▶ _WORK TO COMPLETE_:
Return only the lines of the data below from the line with "O Ministério Público" up to and including the line with "- Moonlinks Steering", exactly as written, with the pictures omitted.

▶ _LISTED ENTRIES_:

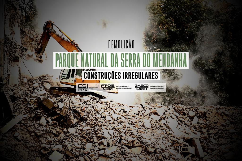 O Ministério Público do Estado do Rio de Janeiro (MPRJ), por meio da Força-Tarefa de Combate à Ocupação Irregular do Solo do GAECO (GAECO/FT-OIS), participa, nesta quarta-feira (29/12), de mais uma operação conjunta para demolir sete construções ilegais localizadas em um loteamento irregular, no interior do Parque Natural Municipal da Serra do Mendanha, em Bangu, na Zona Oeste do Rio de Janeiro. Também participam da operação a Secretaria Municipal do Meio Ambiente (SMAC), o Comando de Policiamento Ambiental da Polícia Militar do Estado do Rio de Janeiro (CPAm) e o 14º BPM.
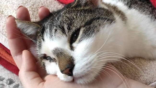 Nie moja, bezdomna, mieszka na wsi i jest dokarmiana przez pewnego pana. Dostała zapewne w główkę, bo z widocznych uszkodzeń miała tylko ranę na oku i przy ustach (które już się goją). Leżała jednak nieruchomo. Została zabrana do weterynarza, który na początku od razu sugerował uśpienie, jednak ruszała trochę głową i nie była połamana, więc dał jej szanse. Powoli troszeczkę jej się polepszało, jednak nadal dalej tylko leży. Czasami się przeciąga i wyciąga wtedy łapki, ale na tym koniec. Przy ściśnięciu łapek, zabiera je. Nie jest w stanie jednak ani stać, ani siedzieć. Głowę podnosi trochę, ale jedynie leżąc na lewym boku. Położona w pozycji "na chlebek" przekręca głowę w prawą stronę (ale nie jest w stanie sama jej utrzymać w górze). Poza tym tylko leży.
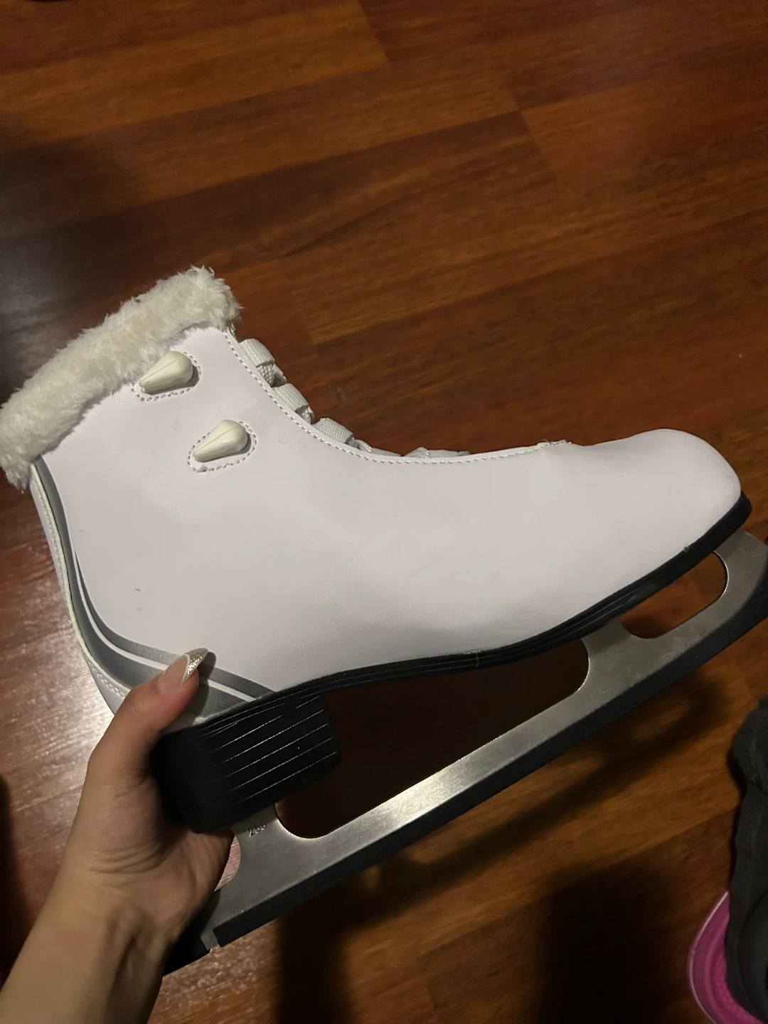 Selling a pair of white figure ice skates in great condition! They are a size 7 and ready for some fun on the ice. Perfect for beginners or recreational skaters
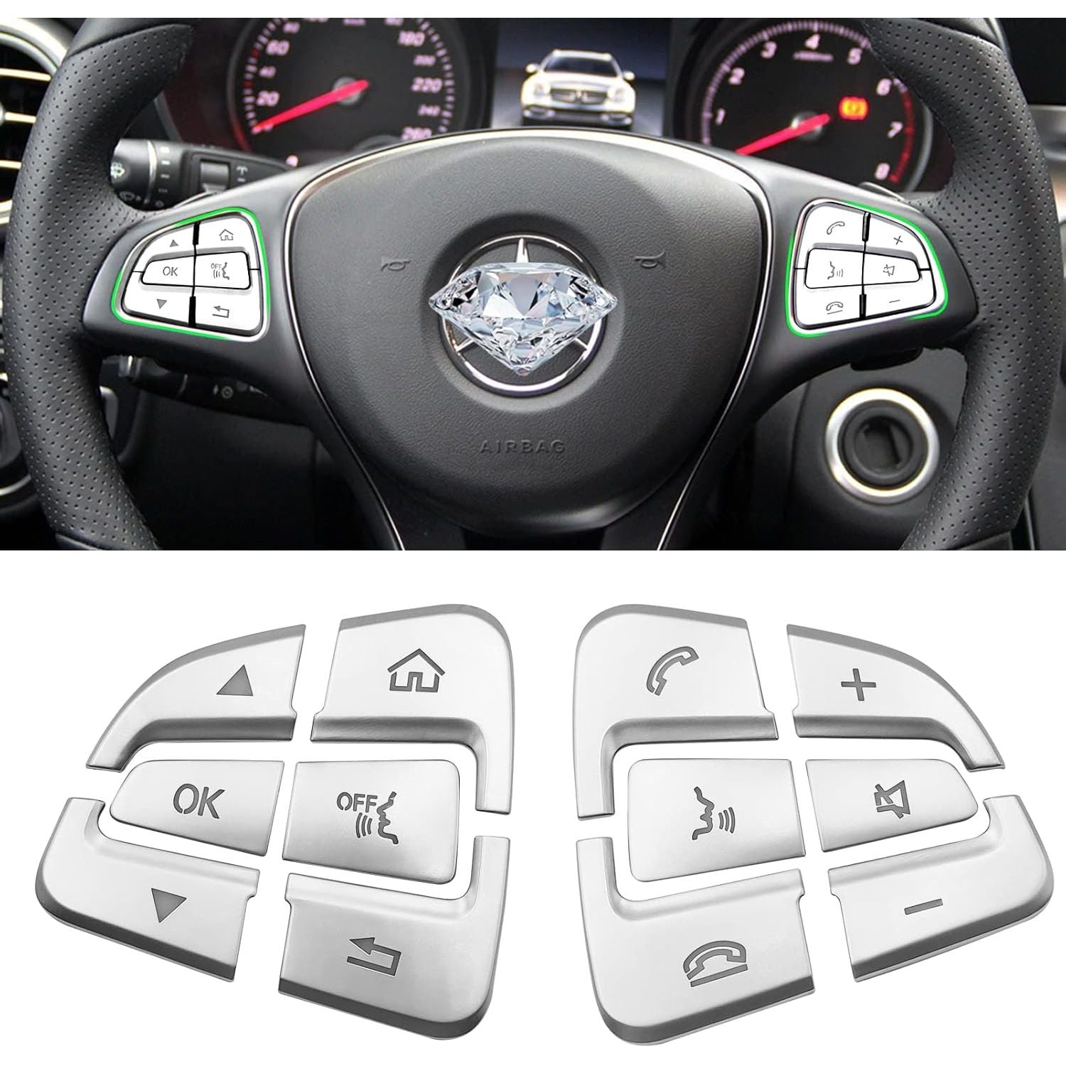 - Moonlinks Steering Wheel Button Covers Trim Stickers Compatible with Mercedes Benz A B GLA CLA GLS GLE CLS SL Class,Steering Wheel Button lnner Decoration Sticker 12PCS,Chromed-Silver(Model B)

==

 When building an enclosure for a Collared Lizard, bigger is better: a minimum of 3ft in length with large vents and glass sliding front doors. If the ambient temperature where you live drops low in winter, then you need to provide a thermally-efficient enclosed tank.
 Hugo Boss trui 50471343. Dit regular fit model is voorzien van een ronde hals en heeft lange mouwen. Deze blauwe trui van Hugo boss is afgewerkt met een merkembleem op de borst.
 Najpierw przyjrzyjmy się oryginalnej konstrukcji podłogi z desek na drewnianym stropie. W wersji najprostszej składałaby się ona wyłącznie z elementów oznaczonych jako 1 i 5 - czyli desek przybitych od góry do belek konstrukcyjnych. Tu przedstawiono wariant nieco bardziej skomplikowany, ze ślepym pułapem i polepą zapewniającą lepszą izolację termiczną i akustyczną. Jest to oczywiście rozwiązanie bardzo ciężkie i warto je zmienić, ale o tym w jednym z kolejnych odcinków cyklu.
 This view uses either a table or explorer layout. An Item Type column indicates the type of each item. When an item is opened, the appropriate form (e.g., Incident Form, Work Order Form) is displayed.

▶ _TASK RESPONSE_:
 O Ministério Público do Estado do Rio de Janeiro (MPRJ), por meio da Força-Tarefa de Combate à Ocupação Irregular do Solo do GAECO (GAECO/FT-OIS), participa, nesta quarta-feira (29/12), de mais uma operação conjunta para demolir sete construções ilegais localizadas em um loteamento irregular, no interior do Parque Natural Municipal da Serra do Mendanha, em Bangu, na Zona Oeste do Rio de Janeiro. Também participam da operação a Secretaria Municipal do Meio Ambiente (SMAC), o Comando de Policiamento Ambiental da Polícia Militar do Estado do Rio de Janeiro (CPAm) e o 14º BPM.
 Nie moja, bezdomna, mieszka na wsi i jest dokarmiana przez pewnego pana. Dostała zapewne w główkę, bo z widocznych uszkodzeń miała tylko ranę na oku i przy ustach (które już się goją). Leżała jednak nieruchomo. Została zabrana do weterynarza, który na początku od razu sugerował uśpienie, jednak ruszała trochę głową i nie była połamana, więc dał jej szanse. Powoli troszeczkę jej się polepszało, jednak nadal dalej tylko leży. Czasami się przeciąga i wyciąga wtedy łapki, ale na tym koniec. Przy ściśnięciu łapek, zabiera je. Nie jest w stanie jednak ani stać, ani siedzieć. Głowę podnosi trochę, ale jedynie leżąc na lewym boku. Położona w pozycji "na chlebek" przekręca głowę w prawą stronę (ale nie jest w stanie sama jej utrzymać w górze). Poza tym tylko leży.
 Selling a pair of white figure ice skates in great condition! They are a size 7 and ready for some fun on the ice. Perfect for beginners or recreational skaters
 - Moonlinks Steering Wheel Button Covers Trim Stickers Compatible with Mercedes Benz A B GLA CLA GLS GLE CLS SL Class,Steering Wheel Button lnner Decoration Sticker 12PCS,Chromed-Silver(Model B)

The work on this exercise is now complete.